Exercise directions = In your copy of the listing below, reproduce each word exactly and include no pictures.
START Data excerpt
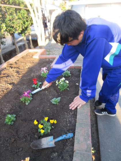 11月9日(木)放課後、美化委員を中心に花壇の植え替えを行いました。
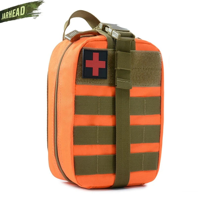 Esta bolsa médica de primeros auxilios para exteriores está diseñada para primeros auxilios y emergencias. Con un diseño de tres pliegues, Esta bolsa tiene 3 compartimentos espaciosos que contienen múltiples bolsillos y fuertes lazos elásticos para suministros médicos e instrumentos. El Cierre de doble cremallera permite un fácil acceso a sus suministros de primeros auxilios. Las correas molle con broches fuertes son convenientes para acoplar a cualquier engranaje compatible con MOLLE. Hecho de poliéster 600D de alta calidad, esta bolsa es resistente al desgarro y está diseñada para durar mucho tiempo. Es esencial para viajar, senderismo, montañismo, ciclismo, caza y muchas otras actividades al aire libre.
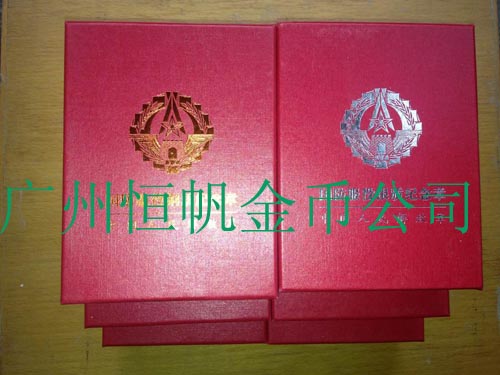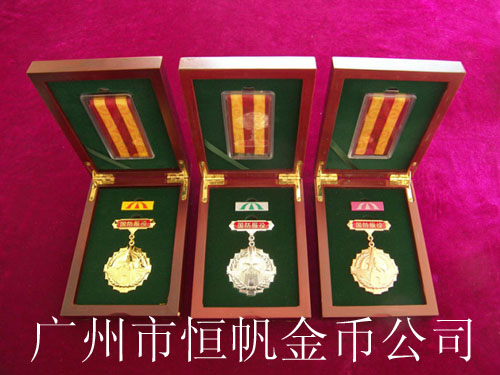 使用材質:金、銀、銅質紀念章分別按銅質鍍金、銅質鍍銀和紫銅材質制作,彰顯了榮譽的層次性。同時,每枚證章均配有木盒和說明卡片、綬帶,紀念章、略章。(見圖片—2、3、4、5)
END Data excerpt
Answer box =
 11月9日(木)放課後、美化委員を中心に花壇の植え替えを行いました。
 Esta bolsa médica de primeros auxilios para exteriores está diseñada para primeros auxilios y emergencias. Con un diseño de tres pliegues, Esta bolsa tiene 3 compartimentos espaciosos que contienen múltiples bolsillos y fuertes lazos elásticos para suministros médicos e instrumentos. El Cierre de doble cremallera permite un fácil acceso a sus suministros de primeros auxilios. Las correas molle con broches fuertes son convenientes para acoplar a cualquier engranaje compatible con MOLLE. Hecho de poliéster 600D de alta calidad, esta bolsa es resistente al desgarro y está diseñada para durar mucho tiempo. Es esencial para viajar, senderismo, montañismo, ciclismo, caza y muchas otras actividades al aire libre.
 使用材質:金、銀、銅質紀念章分別按銅質鍍金、銅質鍍銀和紫銅材質制作,彰顯了榮譽的層次性。同時,每枚證章均配有木盒和說明卡片、綬帶,紀念章、略章。(見圖片—2、3、4、5)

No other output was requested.